Roger Norrington – Wagner à la lumière de Beethoven : quand l’histoire devient musique
Il est des chefs qui façonnent le son. Roger Norrington, disparu en juillet 2025 à l’âge vénérable de 91 ans, aura, toute sa vie durant, traqué une illusion sonore vieille de plus d’un siècle pour exhumer un autre Wagner, un autre Beethoven—moins grandiloquent, plus nu, parfois plus déroutant, mais toujours d’une redoutable intensité. Ce n’était pas un simple combat contre le vibrato : c’était une révolution silencieuse.
Beethoven comme laboratoire esthétique
C’est par Beethoven que Norrington bâtit son manifeste.
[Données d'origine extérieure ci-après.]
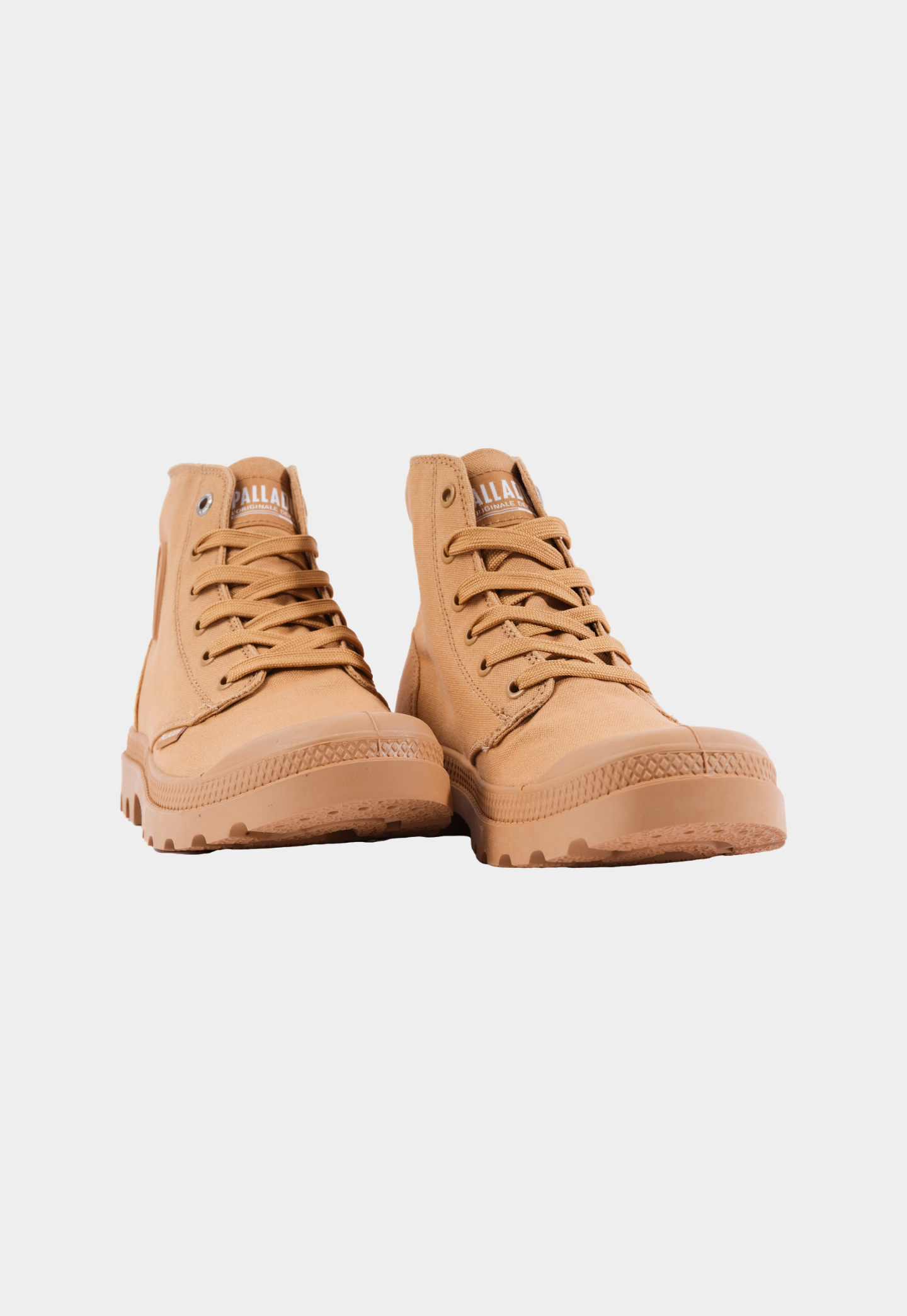 פעילי תנועות נוער חלוציות? קיבוצניקים על טרקטורים? מתבגרי ניינטיז? אלה רק חלק מהאסוציאציות המתלוות למילה פלדיום. אבל הסיפור של המותג PALLADIUM מתחיל הרבה קודם ובמקום אחר לגמרי. החברה נוסדה ב-1920 בצרפת כמפעל ייצור צמיגים למטוסים. אחרי מלחמת העולם השנייה הדרישה לצמיגים פחתה משמעותית ובפלדיום החליטו להיוולד מחדש כחברת נעליים שעושה שימוש בחומרים בהם היא מתמחה – קנבס וגומי. ב-1947 נולד דגם הפמפה המפורסם, שהנוחות והעמידות שלו עמדו בתנאי שטח קשים וגרמו לצבא צרפת לגייס אותו לשורותיו. אבל ההצלחה של נעלי PALLADIUM לא נשארה בגבולות צרפת והפופולאריות של הנעליים חצתה יבשות ותרבויות. לאחר גלי הצלחה נוספים בשנות ה-70 ה-90 נעלמו הנעליים מפני השטח האופנתי. בשנים האחרונות זוכות הפלדיום לרנסנס עם שיאי פופולאריות חדשים, זאת לאחר שהמותג נרכש על ידי יזם הולנדי שהשיב לו את הצבע ללחיים (ולקנבס). למרות שהעיצוב כמעט ולא השתנה, הסגנון והאיכות ששירתו בעבר לוחמי קומנדו קיבלו רלוונטיות מחודשת בסביבה האורבנית, עם קולקציות לנשים, גברים וילדים, צבעוניות חדשה ומשמחת.

Après une première tentative avec les London Classical Players entre 1987 et 1989 pour les micros d’EMI Reflexe, c’est à la tête de l’Orchestre symphonique de la radio de Stuttgart que Norrington enregistre à nouveau les neuf symphonies entre 2002 et 2004, abolissant le vibrato généralisé, rejetant les orchestres éléphantesques, et ramenant les tempi à leur vérité métronomique. Norrington ne suivait pas des dogmes, mais des instructions. Il redonnait vie aux vitesses indiquées dans ses manuscrits par Beethoven lui-même—si souvent ignorées ou diluées par la tradition romantique. Par cette rigoureuse recherche de clarté instrumentale, la symphonie devenait structure, tension, verticalité. Les transitions étaient soudaines, les crescendos abrupts, les silences parlants. Certains ont vu en lui un iconoclaste anglo-saxon brisant par une esthétique anti-allemande le temple beethovénien, là où d’autres saluaient le courage d’un chef refusant la dévotion aveugle à la tradition. Mais Beethoven n’était pas une fin : il était la boussole. Et cette boussole, Norrington l’emporta dans le monde trouble de Wagner.
Wagner sous le scalpel
S’attaquer à Wagner avec les outils de Beethoven relevait de l’audace. Car Wagner, dans l’imaginaire collectif, c’est la démesure, le souffle continu, le moiré orchestral. Norrington s’y oppose : dans Tristan und Isolde ou Parsifal, il dissout la pâte sonore, propose des textures aérées et révèle des lignes enfouies, presque chambristes. Ses tempi sont déromantisés, ni langueur mystique, ni solennité écrasante. Il insuffle une pulsation vivante, presque théâtrale, redonnant à l’harmonie une mobilité oubliée. Chez Norrington, l’orchestre raconte. Ce n’est plus une mer sonore sur laquelle voguent les chanteurs, mais une dramaturgie parallèle, éclairée par le phrasé et le timbre.
Une discographie révélatrice
Deux jalons illustrent cette approche : Wagner: Preludes & Overtures paru en 1994 chez EMI, puis Erato avec les London Classical Players, incluant les ouvertures et préludes du Vaisseau Fantôme, Tristan und Isolde et Parsifal. Une Suite orchestrale de Parsifal couplée avec la 6e Symphonie de Tchaikovski (Hänssler 2004), captée avec le Radio-Sinfonieorchester Stuttgart, lors de son mandat de chef principal. Comme de bien entendu, ces lectures ont été saluées pour leurs nouveautés par certains, et rejetées par les tenants de la tradition.
️ Une trace pour les curieux
Le documentaire Roger Norrington, Les Ouvertures de Wagner, disponible sur medici.tv, dévoile le chef au travail. On le voit s’adresser aux musiciens avec une précision presque chirurgicale, mais toujours avec un humour anglais qui dissipe les tensions.
En somme, Roger Norrington n’a pas voulu réécrire l’histoire : il l’a écoutée autrement. Son Beethoven était une guerre contre l’habitude. Son Wagner, une plongée dans les abîmes du romantisme avec la lumière des origines.